第2章(第1页)
斜阳西照,昏黄的光线铺满地。
萧时砚站在落日余晖里,淡去俊美面容间的清冷,锦袍衣摆上尚沾染着一路风尘仆仆留下的泥尘。
“世子妃不必多礼。”
他虚执了下沈鸢的手便松开,没有多加寒暄,转而朝浴间走去。
沈鸢如往常跟进去伺候他。
热气氤氲中,宽衣解带,按揉肩背,再拿着帕子细细为他擦拭身体。
这些事情做得熟练只因为萧时砚受用。
一番伺候下来,通体舒畅,骑马狩猎的疲乏散去大半。
两个人却都不言不语。
也都习惯了。
在沉默里沐浴完毕,萧时砚先行从浴间出来,坐在罗汉床上等着世子妃一道用晚膳。瞥见罗汉床榻桌上搁着的账册,他随手翻阅了下,有小丫鬟上前奉茶,收回手时,似不经意手指擦过他手背。
萧时砚翻看账册的动作微微一顿。
他不疾不徐抬眼,见那小丫鬟惊惶如受惊的兔子般望过来,便要跪下请罪,不由淡淡一笑。
“你叫什么名字?几时拨来瑶光院服侍的?”
从前每回来,为他奉茶的必是世子妃身边那个大丫鬟,今日换了人,倒稀罕。
小丫鬟白皙脖颈泛起层粉色,声音低低的,羞怯回:“奴婢名叫百灵,是昨日被世子妃领来瑶光院的,有服侍不周之处,请殿下恕罪。”
昨日。萧时砚似笑非笑继续问:“世子妃从何处领的你?”
小丫鬟细声:“是从王妃娘娘处。”
三两句问话过后,萧时砚让小丫鬟百灵退下了。
沈鸢迟些从浴间出来,他只字不提,她也没有问,两个人又一道用晚膳。
用罢晚膳,萧时砚起身先去书房。
沈鸢翻看没看完的账册,钱妈妈屏退屋内的丫鬟婆子,守在罗汉床边,趁此间隙,压低声音斥责:“世子妃为何让那小丫鬟服侍殿下?如今是要将夫人的话当做耳旁风,反了天了?”
人是沈鸢安排去为萧时砚奉茶的。
世子在,钱妈妈不敢多嘴,免得叫看出端倪,只得憋到这会儿开口。
“钱妈妈勿要多虑。”沈鸢温和一笑,安抚道,“婆母本是嫌碧珠手脚不麻利,奉茶奉得不好,让百灵去做这差事,也是婆母的心意。”

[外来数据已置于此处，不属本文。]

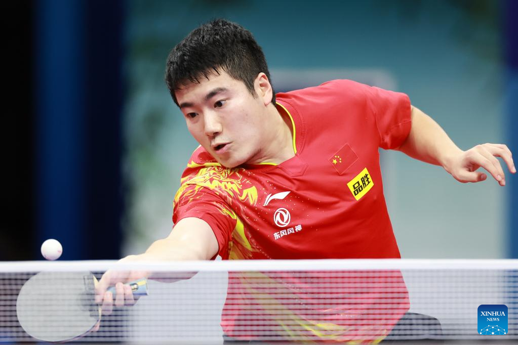 Liang Jingkun of China hits a return to Pattaratorn Passara of Thailand during the men's teams group 1 match between China and Thailand at the 2022 ITTF World Team Table Tennis Championships Finals in Chengdu, southwest China's Sichuan Province, Oct. 4, 2022. (Xinhua/Liu Xu)

钱妈妈冷笑:“那小蹄子奉个茶的功夫便能同殿下搭上话,世子妃还是快些料理了才是。”
沈鸢一贯好脾气应下,翻看完账册,方才去沐浴梳洗。
如往常般,钱妈妈和碧珠两个人服侍她。
一切皆是按部就班,连同从浴间出来未及半刻钟萧时砚从书房回来,夫妻二人随即安置也无例外。
屋内只留一盏灯。
层层厚实的帐幔之下光线昏暗,几乎看不清彼此面容。
萧时砚伸手将人揽抱入怀。
他知世子妃于此事上向来十分羞涩,又难以承受,便只循着从前惯例,闷声行事。
事毕,正准备稍微收拾番歇下。
身侧之人却忽而动作,朝着他靠近过来。
萧时砚没有动。
他偏头看她,也看着一贯逆来顺受、一板一眼的世子妃破天荒贴近。
举止间满是不安与迟疑,昭示她的生涩。
一缕熟悉的香气在鼻尖不断缠绕,尽管一言不发,却足以让人领会她的索求。